Regulators and market participants interpret the reporting reprieve as a sign that the deleveraging goal has largely been met: aggregate leverage across the sector is trending toward healthier levels, distressed firms have been weeded out or restructured, and the market has largely completed its deep clean. For many surviving developers, borrowing needs are now more about cash management than expansion, allowing more flexible financing schedules and lower short-term adjustment costs.
Market reaction is split. A prominent private investor has argued the market may trough within a few quarters and begin a decade-long recovery driven by supply-side clearance and an expected return to a long-run equilibrium of roughly 1 billion square metres of annual transactions. By contrast, Morgan Stanley, after fieldwork in Shanghai and Hangzhou, pushed its projected cyclical bottom out to late 2027, warning that high inventories will keep price and volume pressures intact and that top-tier cities may face deeper near-term corrections.
Those divergent views reflect deep regional disparities and policy transmission lags. Local markets have moved at different speeds: some first-tier cities are still working through significant oversupply, while pockets of demand-driven stability appear in others. Policy nudges — from relaxed land-purchase rules to mortgage subsidies — and even spillovers from buoyant equity and precious-metal markets may help shore up sentiment, but they are unlikely to erase structural headwinds quickly.
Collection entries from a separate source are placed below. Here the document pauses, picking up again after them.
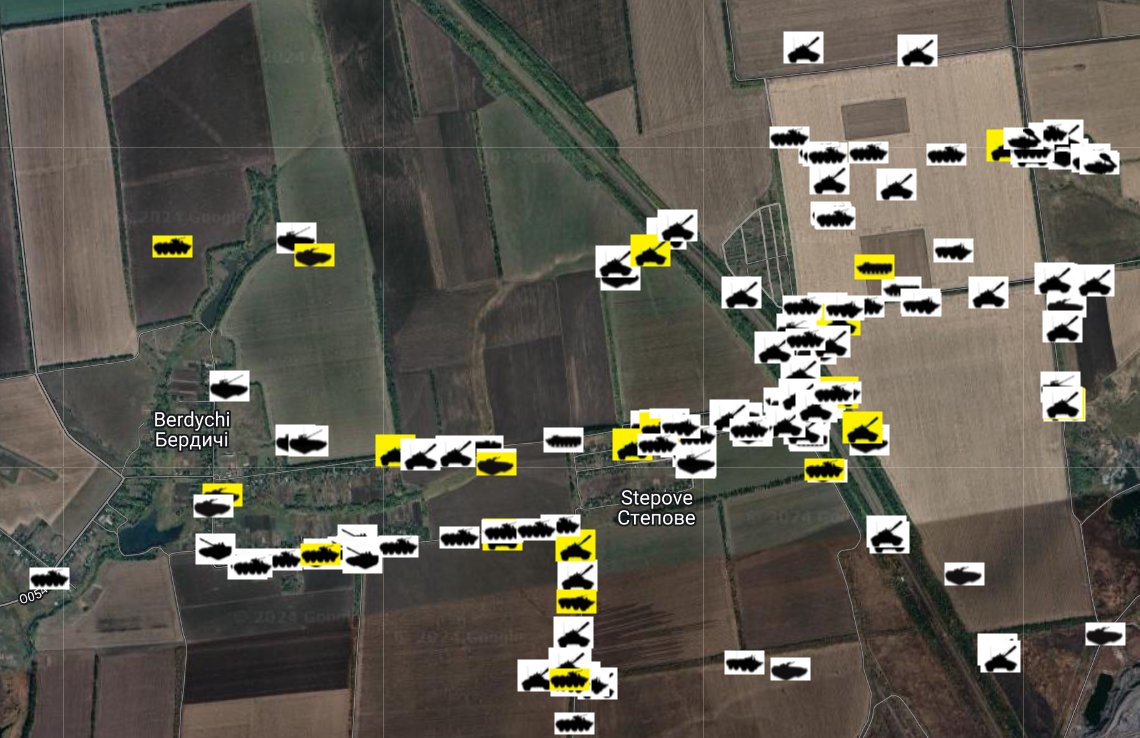 Eux aussi ont leur carte + site internet, bien mieux fait et sourcé qu'Oryx. ukr.warspotting.net/map/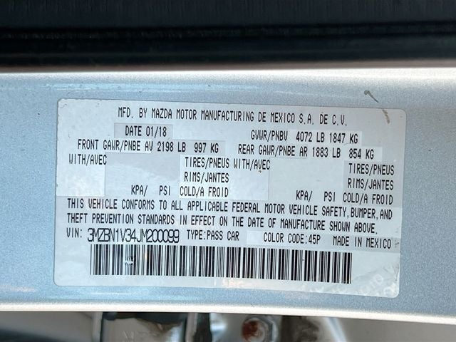 - Vehicle Name: Mazda Mazda3 4-Door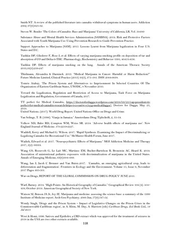 Thielmann, Alexandra & Daeninck. 2013. “Medical Marijuana in Cancer: Harmful or Harm Reduction?” Future Medicine Limited, Clinical Practice (2013) 10(3), 371–381. ISSN 2044-9038. Tomris Atabay, ‘The Prison System and Alternatives to Imprisonment In Selected Countries Of The Organisation of Eastern Caribbean States, UNODC, 8 November 2010. Toward the Legalization, Regulation and Restriction of Access to Marijuana, Task Force on Marijuana Legalization and Regulation, Government of Canada, 2017. TT perfect for Medical Cannabis, https://doctorsfordagga.wordpress.com/2018/03/21/cap-president-ttperfect-for-medical-cannabis-research-https-t-co-ua0wve5syg-medicaldagga/; Doctors for Dagga, May 21, 2018. United Nations. (2017). World Drug Report. United Nations Office on Drugs and Crime. Van Solinge, T. B. (1996). “Ganja in Jamaica.” Amsterdams Drug Tijdschrift, 2, 11-14. Volkow ND, Baler RD, Compton WM, Weiss SR. 2014. ‘Adverse health effects of marijuana use’. New England Journal of Medicine. 370:2219-2227. Waddell, Kerry and Michael G. Wilson. 2017. “Rapid Synthesis: Examining the Impact of Decriminalizing or Legalizing Cannabis for Recreational Use.” McMaster Health Forum, June 2017. Wadieh, Edward et al. 2017. “Neuropsychiatric Effects of Marijuana.” MOJ Addiction Medicine and Therapy 2017, 3(2): 00034. Wang GS, Roosevelt G, Le Lait MC, Martinez EM, Bucher-Bartelson B, Bronstein AC, Heard K. 2014. Association of unintentional pediatric exposures with decriminalization of marijuana in the United States. Annals of Emerging Medicine, 63(6):684–689. Wang, Ian J; Jacob C Brenner and Van Butsic.2017. ‘Cannabis, an emerging agricultural crop, leads to deforestation and fragmentation’. Frontiers in Ecology and the Environment. Volume 15, Issue 9, November 2017 Pages 495-501. War on Drugs, REPORT OF THE GLOBAL COMMISSION ON DRUG POLICY’ JUNE 2011. Warf, Barney. 2014. “High Points: An Historical Geography of Cannabis.” Geographical Review 104 (4): 414– 438, October 2014. American Geographical Society of New York. Watson SJ, Benson JA Jr, Joy JE. Marijuana and medicine: assessing the science base: a summary of the 1999 Institute of Medicine report. Arch Gen Psychiatry. 2000 Jun; 57(6):547-52. Wendy Singh, ‘Drugs and the Prison System – Impact of Legislative Changes on the Prison Crises in the Commonwealth Caribbean region’, in A. Klein, M. Day, A. Harriott (eds) Caribbean Drugs, Zed Books Ltd., 18 Jul 2013 West & Homi, 1996. Sativex and Epidiolex a CBD extract which was approved for the treatment of seizures in 2018 in the USA are two other extracts available.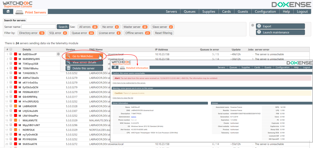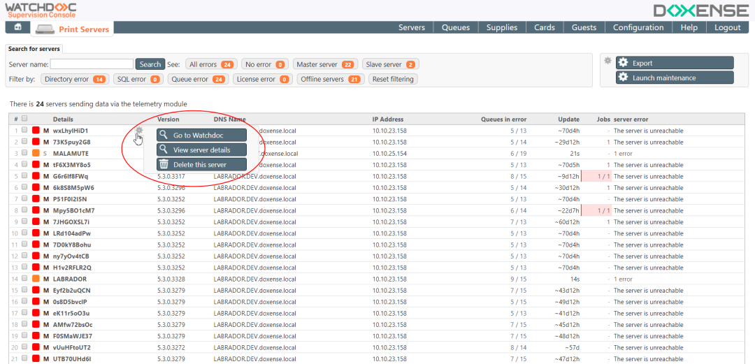 allows you to delete from this list a server that is no more controlled by Watchdoc.

The practical loosening of reporting requirements marks a tactical shift: regulators appear to be swapping a blanket brake for more targeted support, signalling tacit acceptance that the acute phase of financial risk has passed. Yet the sector’s recovery will be uneven and gradual, with policymakers walking a fine line between sustaining liquidity for viable firms and avoiding a premature return to leverage-driven expansion that could reignite financial vulnerabilities.